Te asomo mi respuesta personal para este momento porque hace mucho abandoné la investigación y estoy centrado de lleno en mi escritura. Quiero reencontrar historias que hablen de una memoria en la que pueda existir la idea de un porvenir. Mirar ese país que conocí no para mitificarlo, sino para comprenderlo. En Venezuela convivían muchos países, y yo participaba de uno en el que convivía la modernidad tecnológica más potente con una ruralidad apenas olvidada. Un universo femenino, de mujeres abandonadas, de fantasmas y apariciones y brujas que recorrían nuestros sueños y pesadillas de las noches. Los campesinos venezolanos se reencontraron con religiosidades antiquísimas, descritas por Robert Graves, como las religiones de las diosas blancas. Creencias en las que la deidad máxima era una mujer. Y el caso es que estas religiosidades desaparecieron hace miles de años y yo crecí en una de ellas, encabezada por María Lionza. Una diosa mujer en un mundo de mujeres solitarias, en la que los hombres éramos una presencia escurridiza, inatrapable. Nosotros los hombres de finales del XX no sabíamos ubicarnos en ese mundo, ni ese mundo sabía muy bien dónde colocarnos.

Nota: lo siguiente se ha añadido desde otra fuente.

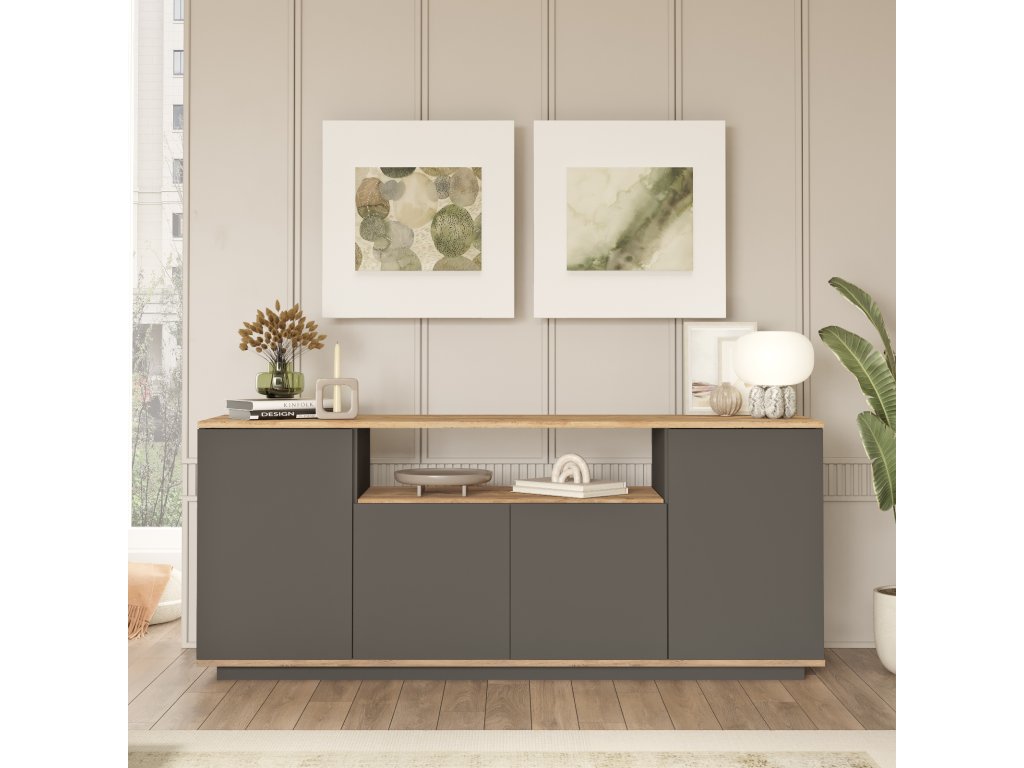 Moderná komoda 4-dverová FREY 15, borovica/antracit

Por otro lado, países como Cuba, México, Brasil, han prestado atención literaria a ese mundo mágico, pero en Venezuela quizá por el afán de ser modernos y primermundistas, miramos siempre con distancia ese poderío mítico de nuestras historias. Apenas hay escritura sobre esos territorios míticos vinculados a Sorte, a María Lionza. Esa es mi respuesta actual al momento que vivimos La diosa de agua: un retorno, un revelamiento de esa penumbra escondida de nuestro imaginario, que a fin de cuentas es un imaginario que nos conecta con el mundo.

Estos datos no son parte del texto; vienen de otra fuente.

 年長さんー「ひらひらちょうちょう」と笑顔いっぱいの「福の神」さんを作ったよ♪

—Vino a Ecuador para participar de un coloquio sobre esa “identidad fronteriza” que se edifica a partir de transfigurar el destierro en energía narrativa. Ya lo dijo antes: “en el fondo todos somos expulsados de un lugar: de nuestra infancia, de nuestras certezas, de nuestra adolescencia, de nuestra invulnerabilidad… Esos exilios son más reales, más definitivos; y allí es la escritura quien te rescata…”. Ecuador y Venezuela comparten esta vivencia histórica como el tricolor patrio, ¿en la literatura cómo se refleja esta hermandad u orfandad?
—En ese futuro inmediato en que debemos comenzar a leernos con atención. Yo estoy disfrutando mucho de la literatura ecuatoriana.

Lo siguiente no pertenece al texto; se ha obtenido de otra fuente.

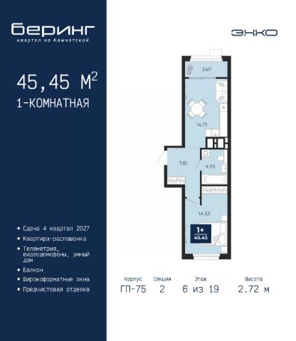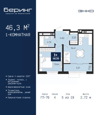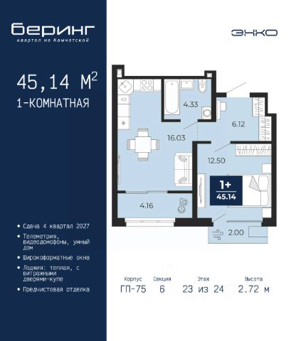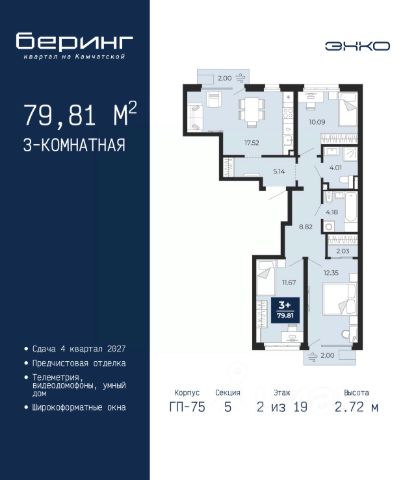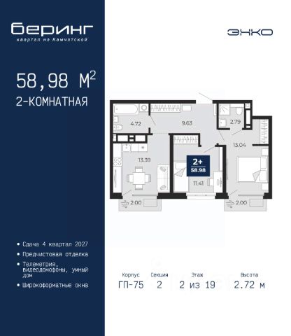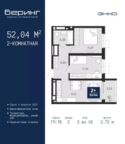 Просторная двухкомнатная квартира с предчистовой отделкой в ЖК "Беринг" на 2 этаже. Общая площадь: 56.1 кв.м. Высота потолков 2.72 м. Дом монолитный, многоподъездный, переменной этажности, от 17 до 24 этажей. Квартира находится в 4-й секции высотой 19 этажей в корпусе ГП-75. На этаже 4 квартиры. В подъезде 2 пассажирских и 1 грузовой лифт. Окончание строительства - 4 квартал 2027 года. Оформление сделки по договору долевого участия. Подобно знаменитому исследователю, мы чувствуем себя первооткрывателями этой локации. Хотим показать новую суть места, сформировать для вас жизненный опыт, которого ещё не было. Беринг — район зелёного цвета. Беринг — район, который откроется вам с другой стороны. Впечатлит новым уровнем комфорта и качеством жизни. Беринг — открытие на карте города. Первый квартал расположен в районе Тура, в границах улиц: Камчатская Западносибирская Энтузиастов. Вокруг уже есть всё для того, чтобы ежедневная рутина была лишь частью жизни и не доставляла дискомфорта. Школы и детские сады, магазины и аптеки, поликлиника, места для семейного отдыха, пеших и велопрогулок, и даже рыбалки. Масштабное озеленение дворов — визитная карточка ЭНКО и ваш оазис спокойствия, чтобы отвлечься от повседневности. Раскидистые деревья, кустарники, травы и цветы — осталось остановиться, вдохнуть и расслабиться, глядя на эту природную красоту. Стилистика подъездов продолжает концепцию Беринга, вдохновлённого Камчаткой: сдержанный, но при этом впечатляющий дизайн соседствует с удобством и функциональностью. #2mdebg

Primero en el rescate y el recuerdo de César Dávila Andrade, enigmático creador que murió en Caracas. Pero también en voces mucho más recientes como Aleyda Quevedo Rojas, Leonardo Valencia, Abdón Ubidia, María Fernanda Ampuero, Edwin Madrid, Santiago Peña Bossano, Alfredo Noriega, por citarte sólo algunos. Y en esa curiosidad por Lupe Rumazo, de quien el propio Leonardo Valencia nos anuncia será el gran descubrimiento de la lengua española de estos años. El desconocimiento es una invitación; hay que tomarlo de ese modo, y que nuestras literaturas se conviertan en el enigma por descubrir.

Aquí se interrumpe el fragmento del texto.